Conséquemment, les espaces de combat essentiels d’aujourd’hui sont ceux de l’économie et de l’opinion (terrains où dominent l’argent et le savoir), les deux se révélant d’ailleurs intimement liés, s’épaulant l’un l’autre. Dans chacune de ces deux sphères, il s’agit de décomposer les capacités d’information de l’adversaire et de paralyser sa volonté, de contrôler ses perceptions, et de s’adapter continûment, de faire preuve d’initiative tout en se « dispersant » régulièrement, pour n’offrir aucune prise à l’ennemi.
Les impératifs méthodologiques de la guerre économique, explique clairement Christian Harbulot, sont les suivants : il importe premièrement d’orienter son action en utilisant la grille de lecture « alliés-adversaires » (c’est-à-dire les phénomènes de coopétition) ; il faut ensuite mettre en œuvre des opérations d’intelligence économique offensives (essentiellement des stratégies d’influence), tout en veillant parallèlement à la sécurité des systèmes et réseaux d’information. Le but est de connaître l’adversaire, de pirater son savoir et de devancer ses initiatives. Quant à la guerre cognitive (c’est-à-dire l’utilisation de la connaissance comme outil de puissance non dominatrice), elle constitue l’arme « montante » de la guerre économique.
Il est certes difficile de retrouver son chemin dans cette jungle de concepts, tant ils s’entrecroisent, s’entremêlent et se confondent en partie. Mais intuitivement, on perçoit aisément l’essentiel, ce qu’il faut absolument retenir : c’est-à-dire que la guerre économique s’impose aujourd’hui comme la forme décisive de confrontation des intérêts de puissance. Ce qui compte désormais, c’est de dominer économiquement, par le pouvoir financier, par la puissance de l’argent plutôt que celle des bombes.

Métamorphose de la domination, de la suprématie, de l’hégémonie, qui se définit finalement comme mutation de la contrainte, devenue aujourd’hui influence, c’est-à-dire se dissimulant, masquant son visage de brutalité en évacuant la violence physique (ce qui ne signifie pas que l’on ne puisse pas concevoir une forme d’influence qui ne soit pas une contrainte masquée ; l’influence pourrait traduire une culture du dialogue : c’est justement la tâche exaltante qui s’offre aux générations présentes…).
Cette prise d’importance de l’action par l’influence a accentué la place de la guerre de l’information dans les stratégies globales de guerre économique. Appartenant au monde de la parole, elle se définit essentiellement comme un art de la polémique médiatique – usant de tous les supports techniques modernes –, et ambitionne donc, pour inciter ou empêcher l’autre d’agir et d’atteindre ses objectifs, d’exploiter ses failles, de parler à sa place, d’influencer ses alliés et partenaires, de fragiliser son image, et de démoraliser ses « troupes ».

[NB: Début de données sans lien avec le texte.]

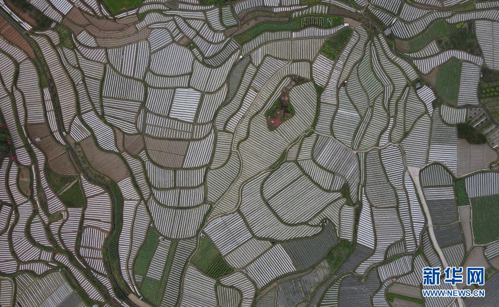 4月5日在貴州省遵義市余慶縣白泥鎮(zhèn)團結村烏楊大壩現(xiàn)代農(nóng)業(yè)蔬菜種植示范區(qū)拍攝的田園風光(無人機照片)。
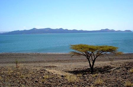 肯雅北部地方是一片望不到尽头的沙漠,这里由于干旱荒凉,人烟稀少,几乎不生长任何农作物,只是稀疏地分布着一些荆棘和灌木丛,当地居民以游牧或者半游牧业为主。然而,当你乘飞机飞越这片土地时,凭窗俯视,眼下仿佛有一颗巨大而又美丽水晶珠在茫茫荒野上跳跃着,这就是非洲著名的内陆湖泊——图尔卡纳湖,又名碧玉湖。图尔卡纳湖曾经被称为“卢多尔湖”,卢多尔夫是奥地利太子的名字,1975年改用湖区西岸马赛族的图尔卡纳部落的名字。
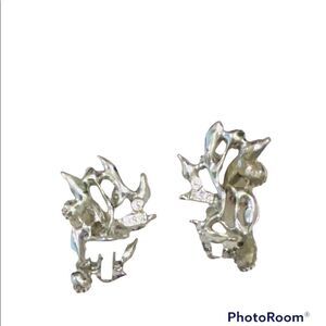 These vintage BSK silvertone earrings are a leaf design and embellished with mini faux pearls. Clip on. Marked Euc
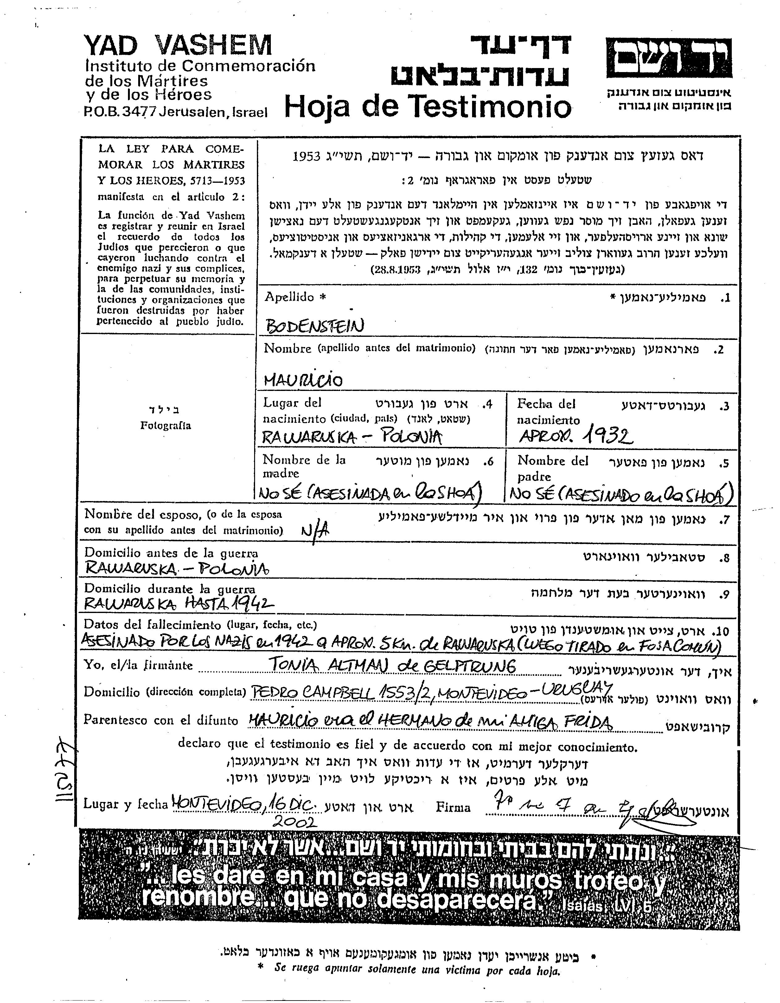 Mauricio Bodenstein wurde im Jahr 1932 in Ravaruska, Polen geboren. Vor dem Zweiten Weltkrieg lebte er in Ravaruska, Polen. Während des Krieges war er in Ravaruska, Polen.

Dans la mesure où la conquête géographique apparaît comme un scandale moral et n’a plus vraiment de sens (les récents événements internationaux ne cessent de le prouver), les champs d’affrontements de l’économie et de l’opinion constituent en quelque sorte un autre moyen de faire la guerre, une autre manière (moins sanglante que celles auxquelles nous avait habitués l’Histoire) de s’affirmer sur la scène internationale, d’imposer sa volonté aux autres – ce qui caractérise, jusqu’à nouvel ordre, la Puissance (qui mérite précisément une autre définition). En conséquence, puisque l’emploi de la violence est – la plupart du temps – inacceptable et inefficace, l’influence tend à s’exercer par des moyens ou menaces non militaires.

D’ailleurs, l’acte violent ne structure plus hégémoniquement le champ militaire lui-même, sans que soit pour autant délégitimé l’usage du mot « guerre », ou que soit niée sa réalité. L’architecture des dynamiques mentales, psychologiques, théoriques, doctrinales présidant aux débats et pratiques de la stratégie et de la tactique militaires, repose sur l’abandon de la logique de la bataille d’anéantissement. Il ne s’agit plus prioritairement de détruire physiquement la totalité des effectifs ennemis mais de les paralyser quasi-instantanément (par un travail de coordination des potentiels en réseaux) en améliorant continûment sa précision et sa vitesse de frappe sur ses centres nerveux, donc sur sa puissance de feu, ce qui passe – disais- je plus haut – par la décomposition de ses capacités d’information et de sa volonté. Il faut le répéter : les notions d’influence et de contrôle prennent le pas sur la destruction de l’adversaire.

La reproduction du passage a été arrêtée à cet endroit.